Micromentarios | Queso parmesano y aceite de oliva.
10/12/2024.- Tengo relaciones especiales con los dos productos culinarios del título.
Acepto sin resentimientos los altibajos de mi situación económica. No tengo inconveniente alguno si debo vivir en los límites de la pobreza, ni tampoco cuando rasguño la abundancia. Salvo las preocupaciones por el futuro próximo, me comporto igual a bordo de ambas condiciones.
Cuando la escasez de dinero es el agua donde nado, acepto lo que venga, tal como recibo con tranquilidad lo que la generosidad de Dios y la vida me confieren. Solo hay dos excepciones en tiempos de vacas flacas: no admito cocinar sin aceite de oliva ni comer ningún tipo de pasta sin cubierta de queso parmesano. En esto coincido con mi amiga y editora Isabel De los Ríos, quien tiene similar punto de vista.
Admito que el queso blanco sobre los espaguetis y la respectiva salsa tiene buen sabor, pero no iguala la sabrosura del parmesano en las mismas condiciones.
Este gusto, aunque la ciencia niega la realidad de las manifestaciones tempranas, igual que a las hadas y los ovnis, parece ser innato en mí. Oí contar varias veces a mi madre, mi abuela y mi tía Nora, que cuando tenía más o menos dos años, me llevaban al Mercado de Catia, al comienzo de la urbanización Pérez Bonalde. Para mantenerme distraído, me compraban un trozo de queso parmesano o de papelón que yo roía lentamente, hasta convertir cualquiera de los dos productos en bolitas.

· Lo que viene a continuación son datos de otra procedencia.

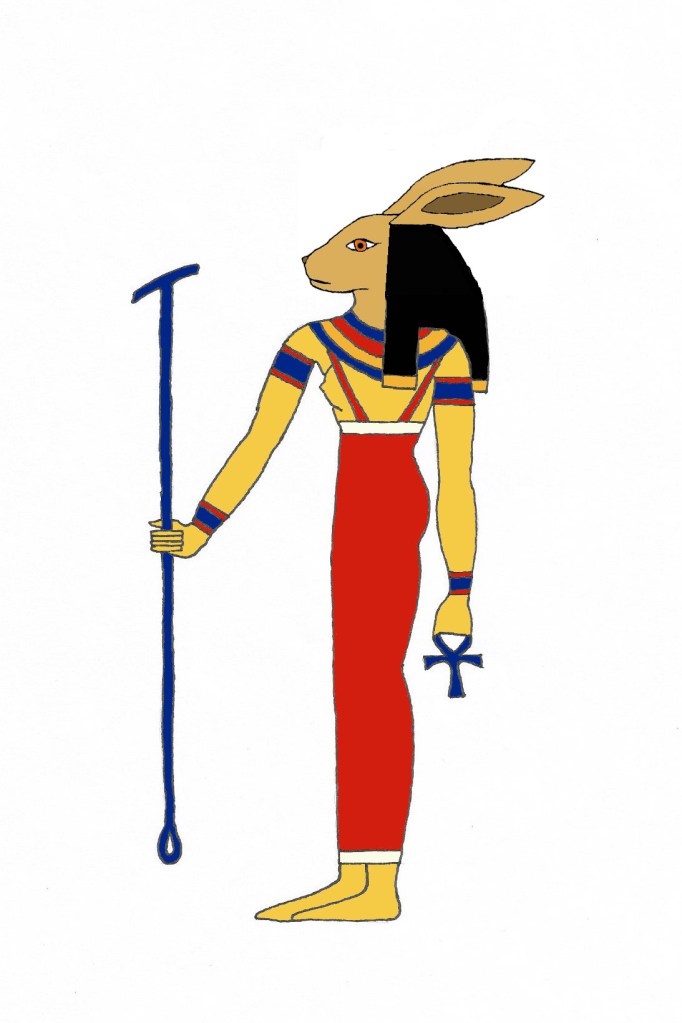Wenut is an Egyptian goddess associated with fertility and the birth of children and animals. She is depicted here as a woman with the head of a hare; she may also be shown in the full form of a hare.

Aunque parezca increíble, la misma me duraba exactamente hasta que volvíamos a casa, donde remataba la faena con total satisfacción.
En cuanto al aceite de oliva, soy vegetariano y sostengo que una ensalada sin su presencia es monte y culebra. En realidad, solo monte, por fortuna.
Hacer cualquier sopa u otro plato sin un toque de este aceite puede catalogarse como pecado mortal. Y ni hablar de utilizar otro tipo de aceite sobre las ensaladas que preparo e ingiero. Sin aceite de oliva es como comer papel bond de colores.
En los tiempos en que nos hicieron afrontar la escasez de productos de cocina como chantaje político, debí hacer cabriolas económicas y geográficas para obtener ambos productos.
No niego que comí pastas con queso blanco y ensaladas con aceite de soya, pero las carencias de mis productos favoritos me llevaron a recorridos por mercados e incluso bodegones, donde a precios prohibitivos conseguía lo que buscaba. En dichos itinerarios coincidí con otros y otras que pensaban como yo.
Por supuesto, ambas compras mermaban –¡y cuánto!– mi preupuesto, pero tanto yo como los otros consumidores de queso parmesano y aceite de oliva nos demostramos a nosotros y a nuestras familias que si uno lucha por lo que quiere, lo termina consiguiendo.